Properties and Storage Information:
Shipped at conditions-Ambient - Can Ship with Ice, Appropriate short-term storage conditions-Ambient, Appropriate long-term storage conditions-Ambient, Storage information-The product can be stored for up to 12 months

Supplementary Information:
This supplementary information is collated from multiple sources and compiled automatically.

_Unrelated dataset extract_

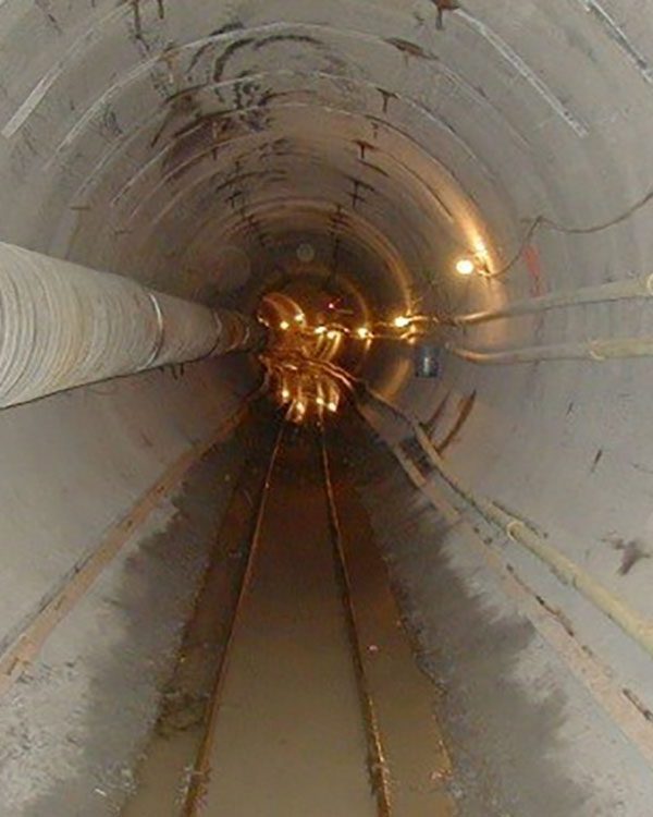 Completed in 2003 by Mole Constructors, the Mill Creek Interceptor Contract 1 project consisted of approximately 12,900 linear feet of 12 ft 8-inch diameter tunnel excavated using a 152-inch Lovat Tunnel Boring Machine (TBM). Approximately 8,834 linear feet of the tunnel was in shale formation and supported using rock dowels and channel straps. The remaining 3,362 lineal feet were excavated in soft ground and internal steel ribs and wood lagging were used. The rock portion of the tunnel received a 120-inch cast-in-place concrete final liner and 108-inch cast-in-place concrete was used in the soft ground section.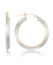 14K Gold Textured Modern Hoop Earrings. Made in Italy-Two-Tone

CYP2D6 also known as cytochrome P450 2D6 is a critical enzyme in the cytochrome P450 superfamily. It possesses a molecular mass of approximately 55 kDa. CYP2D6 is primarily expressed in the liver and to a lesser extent in the brain. As a monooxygenase it catalyzes the oxidation of organic substances including the metabolism of many xenobiotics and drugs. Its activity varies greatly among individuals due to genetic polymorphisms making it an important target for pharmacogenomic studies.

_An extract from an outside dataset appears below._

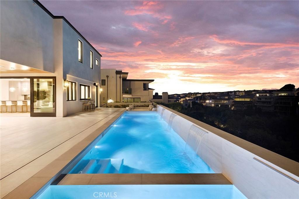 Brand new and never lived in, this chic contemporary home offers an abundance of modern luxury and cutting-edge technology in a scenic Corona del Mar setting just moments from the beach. Perched on the edge of peaceful canyon in Shore Cliffs, the multi-level design by Mark Teale at Teale Architecture offers 5 ensuite bedrooms, 5 baths, an office with built-ins, a workout room, and a bonus room, lending added comfort and versatility in approx. 5,702 s.f. The main level is ideal for entertaining, with a fireplace-warmed great room opening to multiple sitting and dining areas, and a sleek kitchen with oversized double-waterfall island, a butler’s kitchen, a temperature-controlled wine cellar with 1/2"-thick Starphire glass, Sub-Zero, Wolf and True appliances, and a L’Atelier Paris custom-color Design 71 range with hood. High ceilings and large windows create an open vibe throughout the residence, which is highlighted by a pivoting entry door, an elevator, floating staircase, wide-plank wood flooring, and artistic use of wood, stone and concrete. Motorized pocket doors open the great room to a heated loggia with fireplace, and a backyard with pool, spa, and sunken conversation area with fire pit. Ocean views grace three of the bedrooms, and the primary suite reveals a sitting area with fireplace, 2 walk-in closets with illuminated built-in cabinetry and shelving, a stand-alone tub and a view balcony. A rooftop patio offers 360-degree ocean, neighborhood and city-light views.

Biological function summary
Enzymes related to drug metabolism perform essential roles in the detoxification of foreign chemicals. CYP2D6 is notably part of the microsomal enzyme complex in the liver. It facilitates the transformation of lipophilic compounds into more water-soluble metabolites rendering them easier for the body to excrete. This enzyme affects the bioavailability and efficacy of many medications such as antidepressants antipsychotics and beta-blockers. Its role is integral in the activation of certain prodrugs converting them into their active pharmacological forms.
Pathways
CYP2D6 functions significantly in drug metabolism and clearance pathways. It takes part in the Phase I metabolism pathway where it initiates the oxidation of drugs setting the stage for further modifications. It interacts closely with other CYP enzymes like CYP3A4 which sometimes share substrates and inhibitors affecting their metabolic activities. CYP2D6's interaction with these pathways emphasizes its involvement in the intricate network of enzyme-mediated drug handling in the body.
Alterations in CYP2D6 activity relate to variations in drug metabolism leading to treatment challenges. For instance poor metabolizers may have increased risks of side effects or therapeutic failures in drugs like codeine which relies on CYP2D6 for activation. Additionally abnormal CYP2D6 activity associates with certain psychiatric disorders where specific drugs require precise metabolic conversion. The interaction between CYP2D6 and other proteins such as CYP3A4 further complicates its role in pharmacotherapy and its impact on individual responses to drugs.